Preparation of milk protein-vitamin A complexes and their evaluation for vitamin A binding ability

- Succinylated sodium caseinate and succinylated milk protein concentrate were prepared.
- 3.2 mol of succinic anhydride/mole of lysine gave maximum degree of succinylation.
- Ammonium sulphate precipitation was used for the estimation of unbound vitamin A.
- Different milk protein were evaluated for ability to bind vitamin A.
- Effect of complexation on solubility of protein and vitamin A was carried out.

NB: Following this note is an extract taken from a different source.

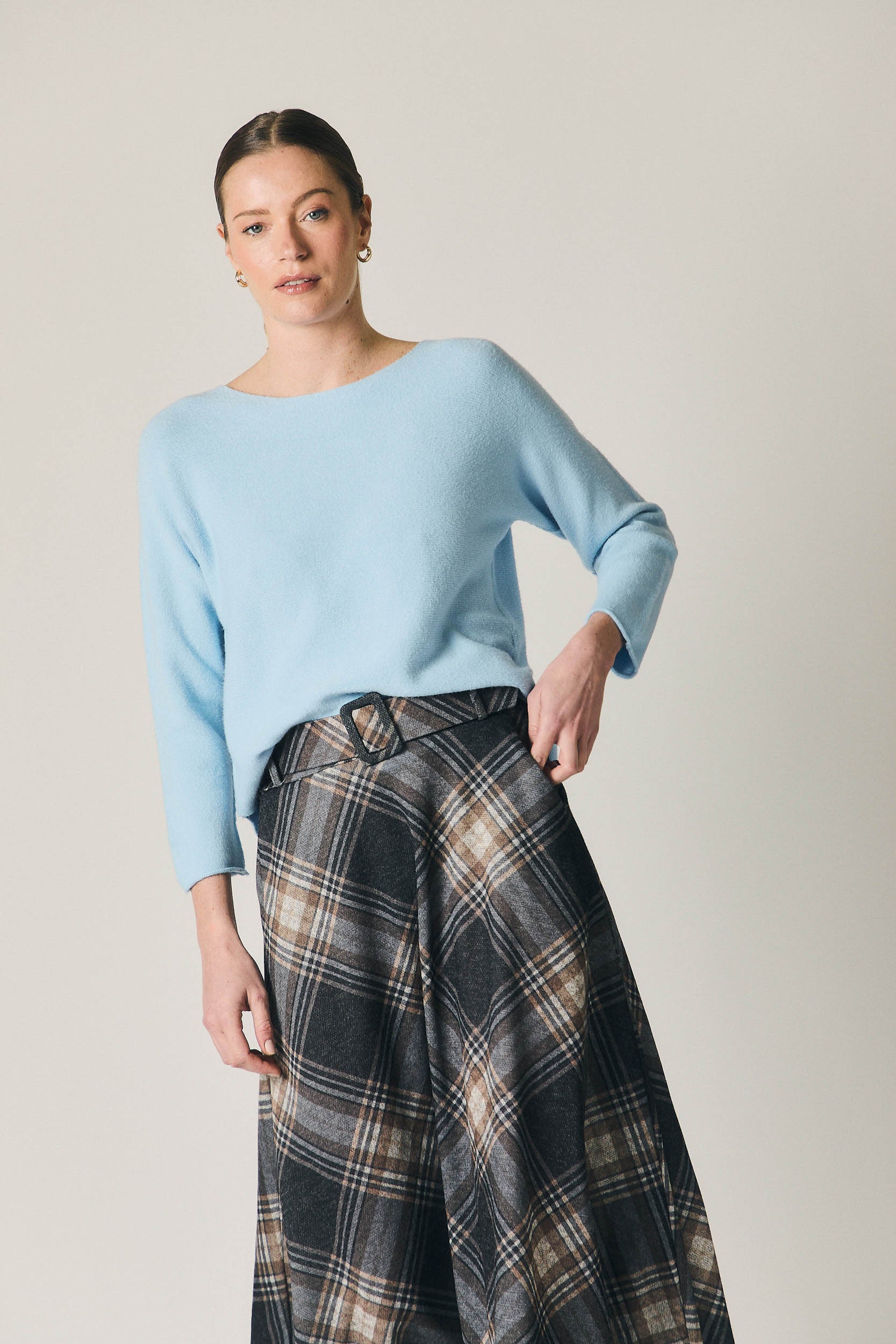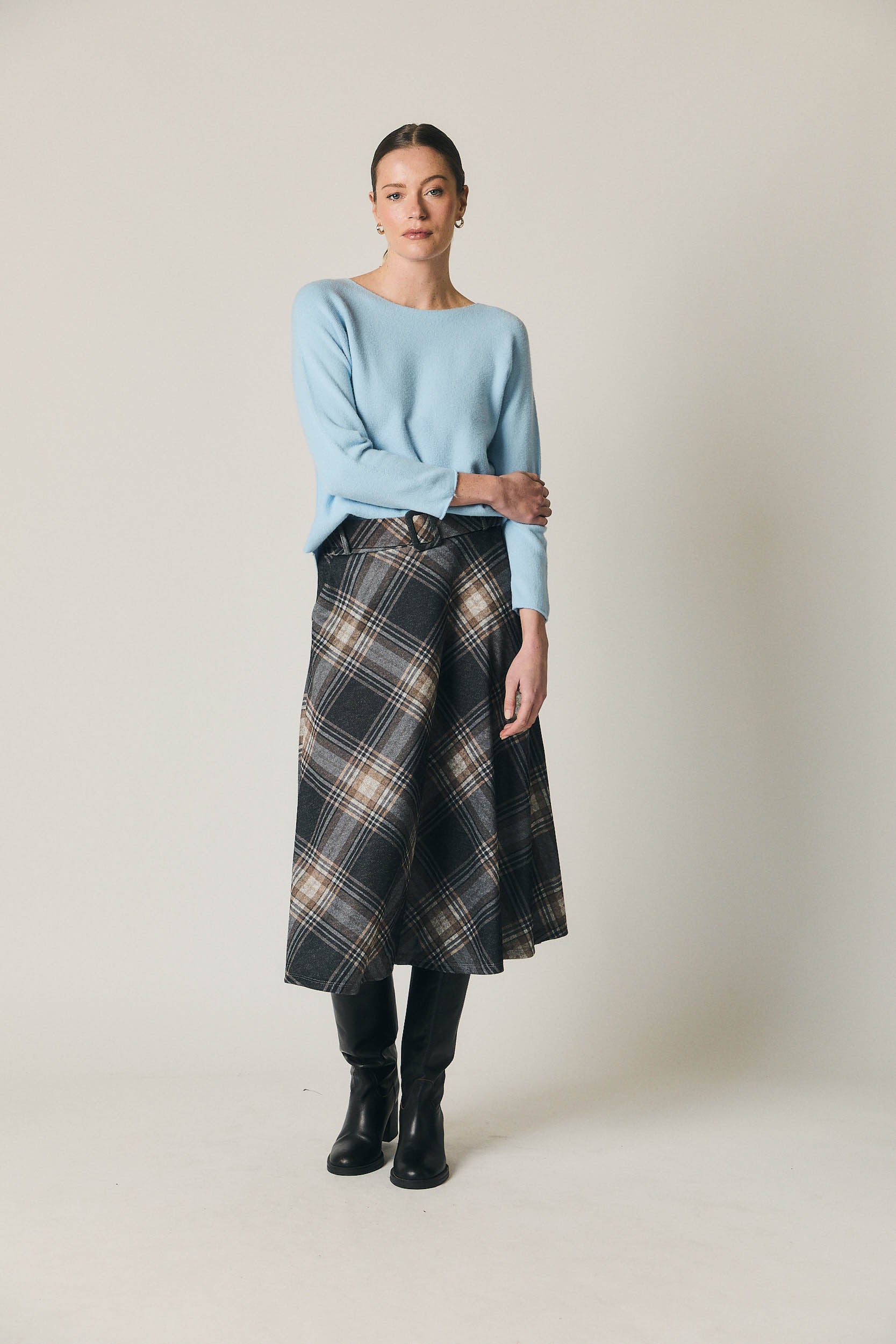 Ideal para coordenar com uma camisola de malha macia ou uma camisa lisa, adapta-se com elegância tanto ao trabalho como a um jantar descontraído. Combine esta saia de xadrez com botas altas ou botins para um look de inspiração retro, confortável em camadas e com um toque sofisticado, pronto para a cidade.

The recent trends for consumption of low fat and fat free foods have led to an increase in deficiencies of vitamin A. Vitamin A is susceptible to light and heat and thus require stabilization in aqueous medium. Stability can be improved by binding of vitamin A to milk protein. In the present research work, succinylated milk proteins were also prepared. 3.2 mol of succinic anhydride/mole of lysine content gave maximum degree of succinylation for both sodium caseinate and milk protein concentrate. Native, reassembled and succinylated milk proteins were used for the preparation of milk protein-Vitamin A (Vit A) complexes. These complexes were further evaluated for unbound vitamin A, ability of milk protein to bind vitamin A and solubility of protein and vitamin A as affected by complexation. Estimation of unbound vitamin A in milk protein-Vit A complexes was carried out using ammonium sulphate for precipitation.